Predictive Monitoring Can Save Money in Many Ways

by Andy Oram
October 6, 2015

This article originally appeared on the International Manufacturing Technology Show site.

In a recent television ad, a man came across a piece of paper that said, “You will have a heart attack today.” The ad was mocking the idea that we could predict our future. Yet an increasing number of sensors do give us the data to figure out when something will go wrong—in our bodies, our manufactured products, and our infrastructure itself.

At the most recent Solid Conference in San Francisco, I talked to General Electric staff about the massive monitoring project they undertake on windmills, now one of their major product lines. A typical windmill is outfitted with two to four thousand sensors, each reporting one tiny statistic that can indicate whether degradation is taking place. Analytics then make sense out of these data points and inform owners whether maintenance needs to take place.

This is cutting-edge technology, but predictive maintenance has been available for cars in years. Haven’t you ever seen one of the yellow warning lights come on in your car? I’ve found, unfortunately, that the problem usually boils down to a problem with the sensor, not a problem with the car. But such warnings save people from disastrous break-downs, I’m sure.

Preventative maintenance requires a major research effort. Researchers have to figure out:

Everything has to be tied together into an effective alerting system. And you have to test the system in many different environments, because the type of use determines likely patterns of degradation. A windmill in the desert suffers different kinds of failure from a windmill on a high plain.

But according to the report Predictive Maintenance: A World of Zero Unplanned Downtime, that’s only the first of three layers of business activity you need in order to take advantage of predictive maintenance.

The second layer involves your organization. Where can you get the sensors and materials you need to install a system? How is the system built into each product? Can you be sure someone will take the necessary action once a problem is identified?

The third layer involves making the system work financially. You wouldn’t want to spend more on maintenance than you’d have to pay on failures. Of course, some failures are so catastrophic that almost anything you spend on maintenance is worthwhile. And as the subtitle of Predictive Maintenance indicates, the cost of a failure may not be the repair so much as the time you go without use of the product.

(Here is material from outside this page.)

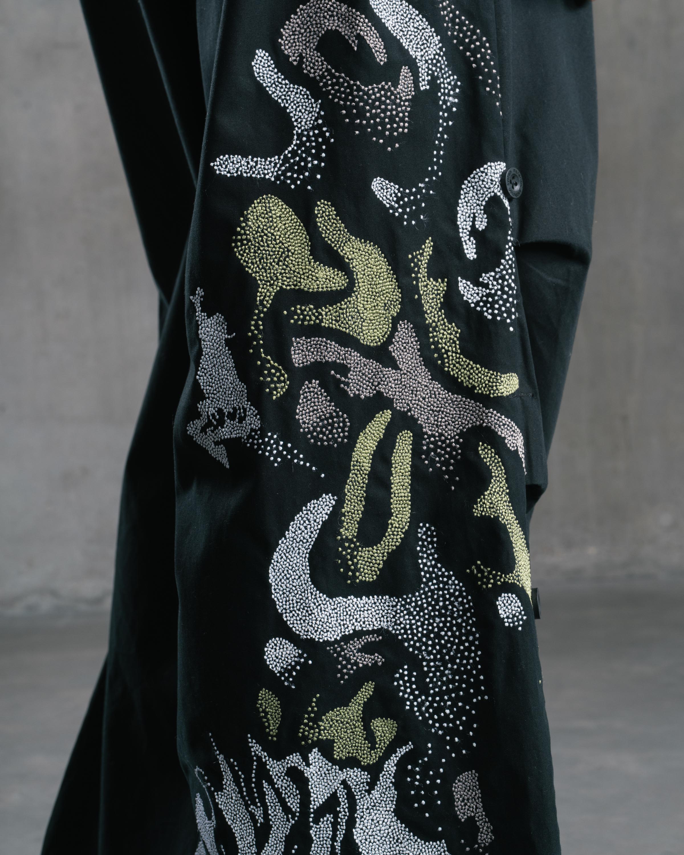 Maharishi's signature Original Snopants® featuring seasonal hand machined embroideries.

Furthermore, predictive maintenance can lead to other efficiencies because you gain vast amounts of new data about how your products or infrastructure are running. Some systems accept feedback from a human so that, through machine learning, the system can improve over time.

We have a well-known infrastructure crisis in the US. A well-considered investment in predictive maintenance can reduce the staggering costs of keeping our roads, bridges, trains, and electrical grid in good shape. It’s just as useful on a smaller scale as well.